The data: Begin
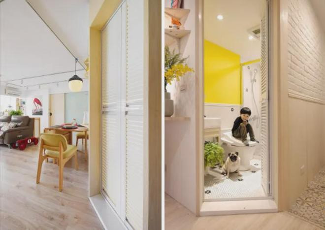 卫生间布置在进门的转角区域,一边用柜门特意隔开一个柜子,给人一种处处有惊喜的感觉。
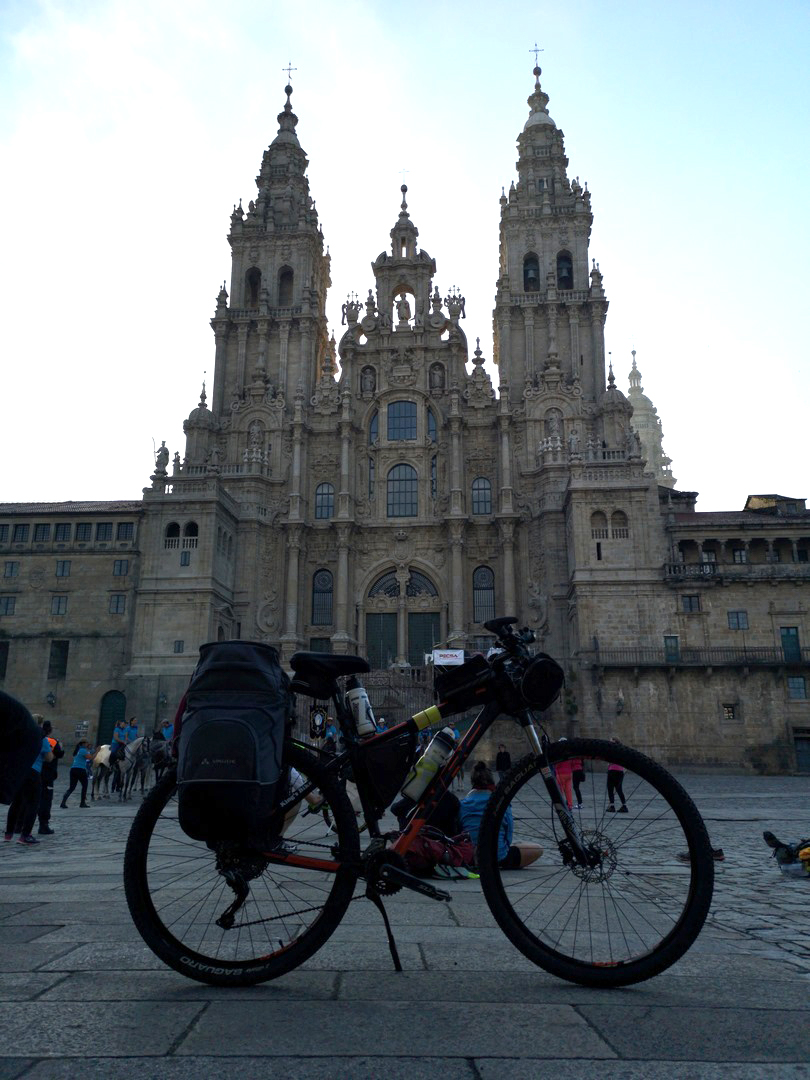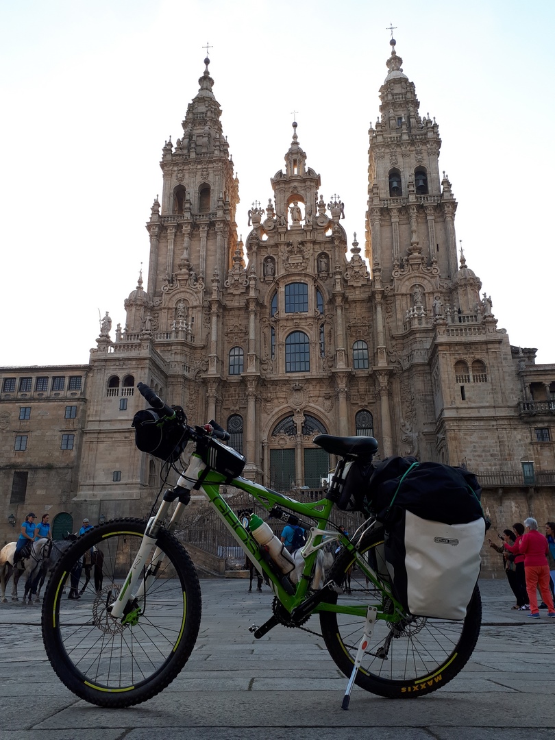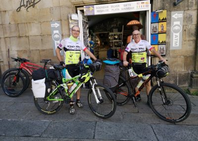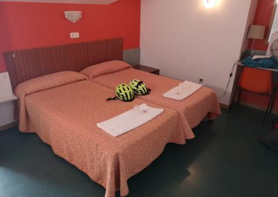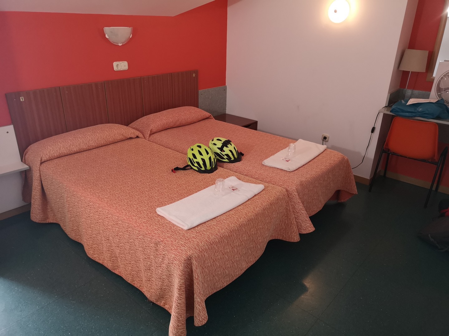 Regresamos otra vez al hostal donde dejamos todas las alforjas en consigna mientras nos preparan la habitación y nos volvemos de nuevo a por las tartas de Santiago y a por una empanada en la plaza de abastos, una vez compradas las viandas, regresamos al hostal, ya tenemos la habitación y nos instalamos.
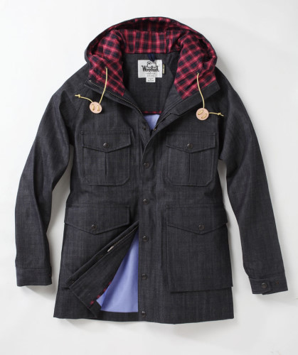 Der amerikanisch, klassische Mountain Parka wurde als Mantel mit einem engeren Schnitt in einem blauem sowie schwarzen Baumwoll Gore-Tex Material neu interpretiert. Das klassische Woolrich Karo wird im Innenfutter aufgegriffen.
The data: End
▸ Problem statement
Copy out the lines above in full and unaltered, apart from the pictures.

▸ The answer
 卫生间布置在进门的转角区域,一边用柜门特意隔开一个柜子,给人一种处处有惊喜的感觉。
 Regresamos otra vez al hostal donde dejamos todas las alforjas en consigna mientras nos preparan la habitación y nos volvemos de nuevo a por las tartas de Santiago y a por una empanada en la plaza de abastos, una vez compradas las viandas, regresamos al hostal, ya tenemos la habitación y nos instalamos.
 Der amerikanisch, klassische Mountain Parka wurde als Mantel mit einem engeren Schnitt in einem blauem sowie schwarzen Baumwoll Gore-Tex Material neu interpretiert. Das klassische Woolrich Karo wird im Innenfutter aufgegriffen.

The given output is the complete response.